Required action: In the entries below, find the line with "Luxury apartment with" and the line with "Generando un ambiente", then retype both and everything between them exactly. Do not copy the pictures.
--- Exercise materials Enclosed Below ---
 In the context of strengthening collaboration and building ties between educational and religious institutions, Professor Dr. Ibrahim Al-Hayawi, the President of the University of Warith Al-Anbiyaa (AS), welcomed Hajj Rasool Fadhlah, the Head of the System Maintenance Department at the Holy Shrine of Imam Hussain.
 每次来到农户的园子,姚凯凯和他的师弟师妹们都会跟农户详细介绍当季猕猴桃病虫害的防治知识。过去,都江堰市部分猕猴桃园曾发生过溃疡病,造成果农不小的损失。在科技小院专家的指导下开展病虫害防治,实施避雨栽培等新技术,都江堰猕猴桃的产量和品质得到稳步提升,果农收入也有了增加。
--- End of Enclosed Exercise materials ---
--- Exercise materials Enclosed Below ---
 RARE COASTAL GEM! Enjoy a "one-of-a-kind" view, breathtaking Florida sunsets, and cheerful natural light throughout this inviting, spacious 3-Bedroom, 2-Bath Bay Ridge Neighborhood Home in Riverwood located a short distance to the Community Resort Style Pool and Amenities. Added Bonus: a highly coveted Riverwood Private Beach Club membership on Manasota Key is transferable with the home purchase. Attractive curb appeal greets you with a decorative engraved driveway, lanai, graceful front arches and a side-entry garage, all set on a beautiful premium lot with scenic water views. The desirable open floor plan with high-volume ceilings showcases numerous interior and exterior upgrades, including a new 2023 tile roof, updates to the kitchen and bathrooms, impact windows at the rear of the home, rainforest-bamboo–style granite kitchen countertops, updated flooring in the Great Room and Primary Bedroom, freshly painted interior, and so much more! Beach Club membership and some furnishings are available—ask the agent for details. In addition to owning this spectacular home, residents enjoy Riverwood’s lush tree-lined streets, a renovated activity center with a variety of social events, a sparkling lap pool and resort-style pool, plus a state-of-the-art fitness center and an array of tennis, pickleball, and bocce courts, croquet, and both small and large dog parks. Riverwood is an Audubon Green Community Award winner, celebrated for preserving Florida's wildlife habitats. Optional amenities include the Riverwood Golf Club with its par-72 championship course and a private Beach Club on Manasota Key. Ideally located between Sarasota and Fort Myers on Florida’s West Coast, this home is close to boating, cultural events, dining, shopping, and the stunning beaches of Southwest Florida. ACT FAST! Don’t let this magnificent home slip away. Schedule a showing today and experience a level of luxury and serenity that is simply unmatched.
--- End of Enclosed Exercise materials ---
--- Exercise materials Enclosed Below ---
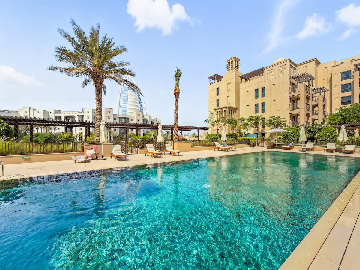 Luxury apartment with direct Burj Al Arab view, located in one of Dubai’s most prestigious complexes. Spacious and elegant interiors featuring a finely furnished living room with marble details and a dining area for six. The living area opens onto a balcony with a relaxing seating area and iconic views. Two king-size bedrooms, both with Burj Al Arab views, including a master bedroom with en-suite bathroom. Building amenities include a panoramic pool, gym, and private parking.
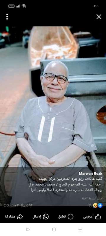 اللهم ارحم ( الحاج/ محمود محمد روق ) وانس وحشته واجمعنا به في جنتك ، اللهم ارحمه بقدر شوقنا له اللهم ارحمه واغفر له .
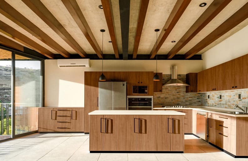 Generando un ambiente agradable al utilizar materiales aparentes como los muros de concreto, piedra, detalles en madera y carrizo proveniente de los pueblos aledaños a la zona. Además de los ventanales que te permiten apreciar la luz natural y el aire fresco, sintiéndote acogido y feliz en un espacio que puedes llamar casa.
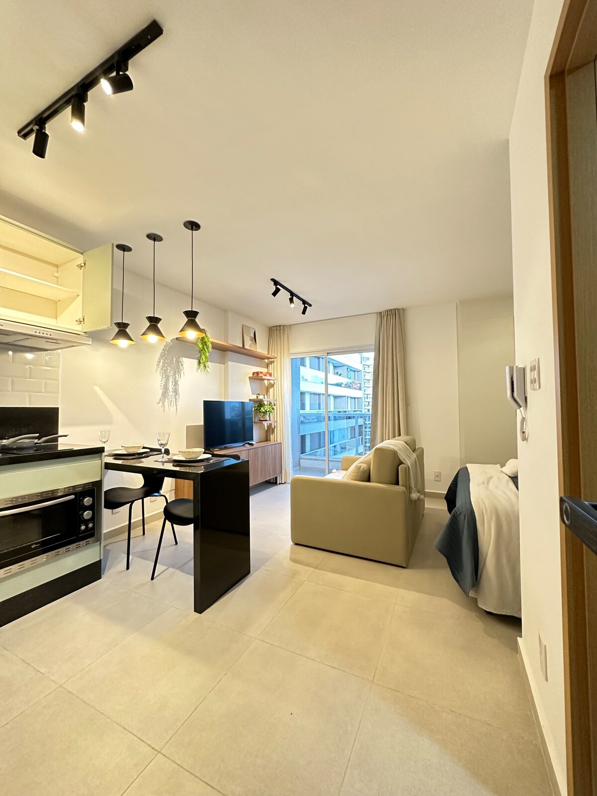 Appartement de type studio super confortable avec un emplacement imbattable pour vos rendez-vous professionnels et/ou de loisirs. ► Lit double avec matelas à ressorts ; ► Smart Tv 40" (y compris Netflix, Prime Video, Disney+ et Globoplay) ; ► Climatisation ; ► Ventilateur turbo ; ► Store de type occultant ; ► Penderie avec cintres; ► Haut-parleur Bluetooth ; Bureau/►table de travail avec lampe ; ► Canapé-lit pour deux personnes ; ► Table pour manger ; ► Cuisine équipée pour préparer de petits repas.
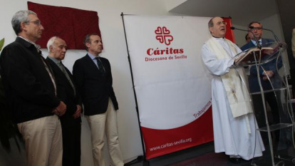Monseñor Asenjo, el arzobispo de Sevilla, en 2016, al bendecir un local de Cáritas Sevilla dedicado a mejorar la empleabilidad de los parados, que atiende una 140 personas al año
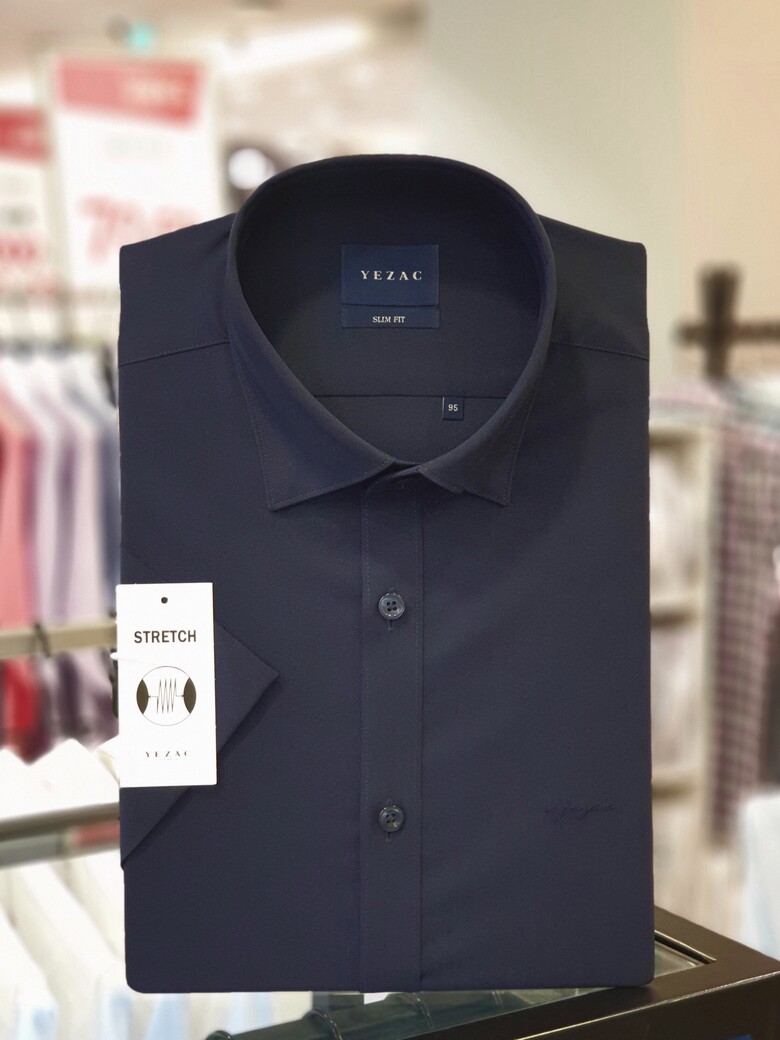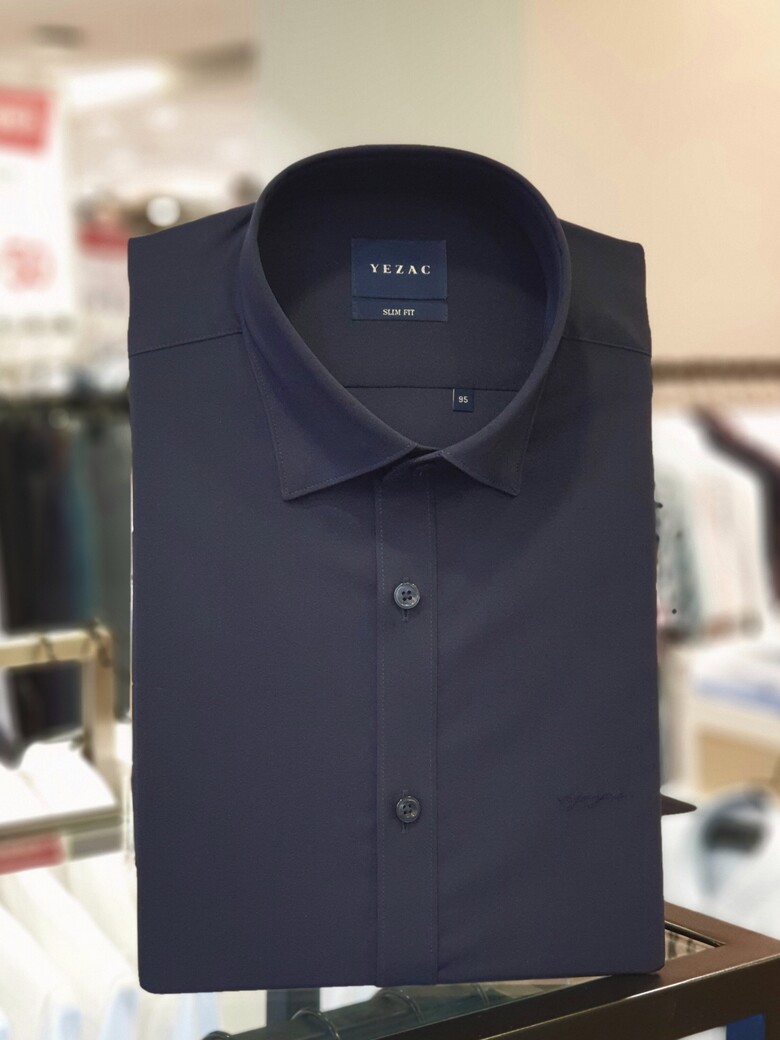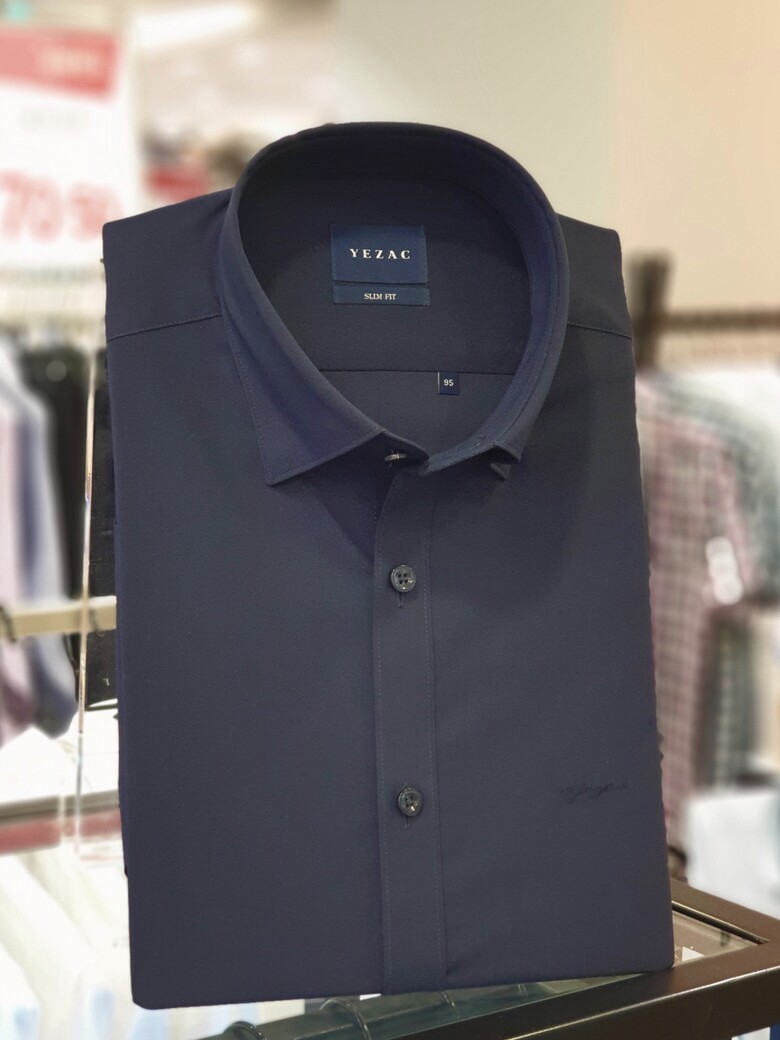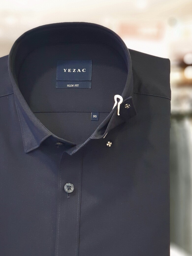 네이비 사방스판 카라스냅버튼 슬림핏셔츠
--- End of Enclosed Exercise materials ---
Solution:
 Luxury apartment with direct Burj Al Arab view, located in one of Dubai’s most prestigious complexes. Spacious and elegant interiors featuring a finely furnished living room with marble details and a dining area for six. The living area opens onto a balcony with a relaxing seating area and iconic views. Two king-size bedrooms, both with Burj Al Arab views, including a master bedroom with en-suite bathroom. Building amenities include a panoramic pool, gym, and private parking.
 اللهم ارحم ( الحاج/ محمود محمد روق ) وانس وحشته واجمعنا به في جنتك ، اللهم ارحمه بقدر شوقنا له اللهم ارحمه واغفر له .
 Generando un ambiente agradable al utilizar materiales aparentes como los muros de concreto, piedra, detalles en madera y carrizo proveniente de los pueblos aledaños a la zona. Además de los ventanales que te permiten apreciar la luz natural y el aire fresco, sintiéndote acogido y feliz en un espacio que puedes llamar casa.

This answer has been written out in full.